▸ TASK TO COMPLETE
Restate word for word the entries below, starting at the line with "邦先生智能电动晾衣架阳台全自" and ending at the line with "קערת סלט יווני". Keep both end lines and omit the pictures.
── DATA FOR ANALYSIS ──
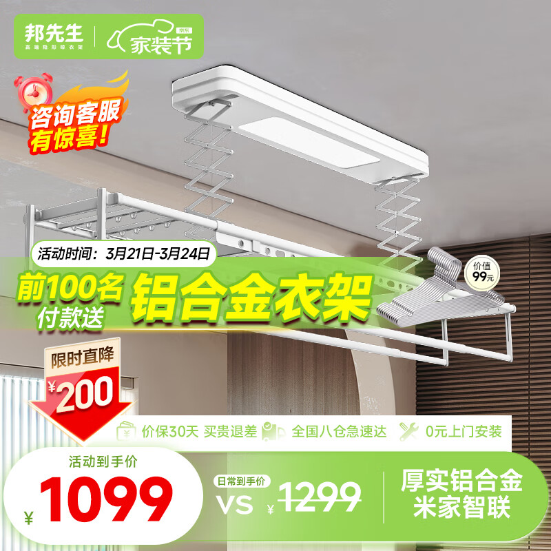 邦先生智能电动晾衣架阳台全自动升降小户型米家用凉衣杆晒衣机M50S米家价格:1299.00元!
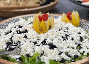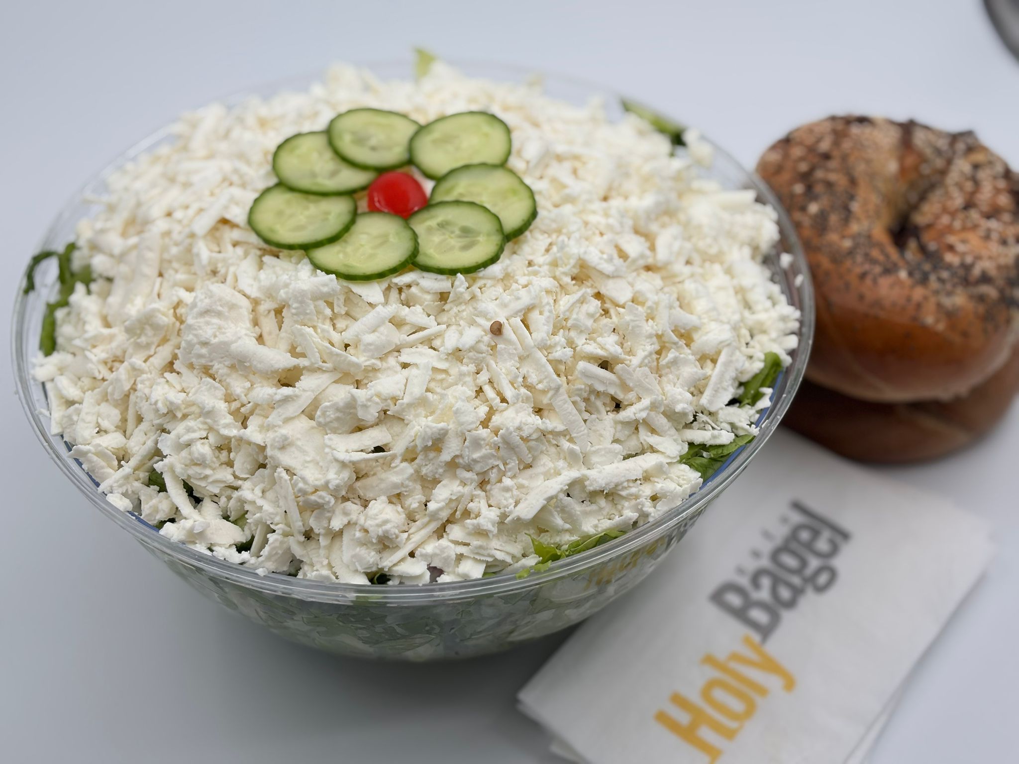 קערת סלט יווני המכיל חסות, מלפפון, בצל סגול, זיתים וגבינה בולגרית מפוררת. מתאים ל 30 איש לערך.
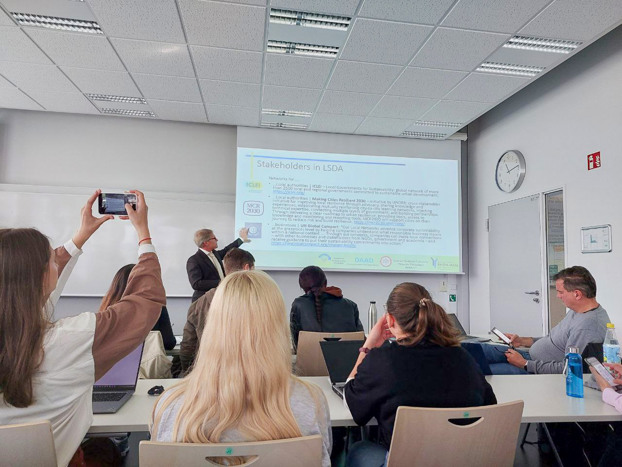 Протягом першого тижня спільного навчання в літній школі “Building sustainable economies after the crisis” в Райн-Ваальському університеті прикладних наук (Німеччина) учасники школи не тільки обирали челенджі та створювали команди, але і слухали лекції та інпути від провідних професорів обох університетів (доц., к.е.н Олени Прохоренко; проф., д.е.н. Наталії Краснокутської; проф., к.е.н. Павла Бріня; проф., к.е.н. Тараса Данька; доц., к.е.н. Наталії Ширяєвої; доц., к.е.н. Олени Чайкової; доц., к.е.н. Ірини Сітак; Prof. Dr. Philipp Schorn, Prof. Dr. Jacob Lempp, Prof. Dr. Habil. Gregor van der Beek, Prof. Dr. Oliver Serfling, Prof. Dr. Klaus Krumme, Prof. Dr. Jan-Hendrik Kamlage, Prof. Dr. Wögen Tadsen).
───
── DATA FOR ANALYSIS ──
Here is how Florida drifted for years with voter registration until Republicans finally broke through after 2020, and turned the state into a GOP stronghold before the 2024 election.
───
▸ ANSWER SECTION
 邦先生智能电动晾衣架阳台全自动升降小户型米家用凉衣杆晒衣机M50S米家价格:1299.00元!
 קערת סלט יווני המכיל חסות, מלפפון, בצל סגול, זיתים וגבינה בולגרית מפוררת. מתאים ל 30 איש לערך.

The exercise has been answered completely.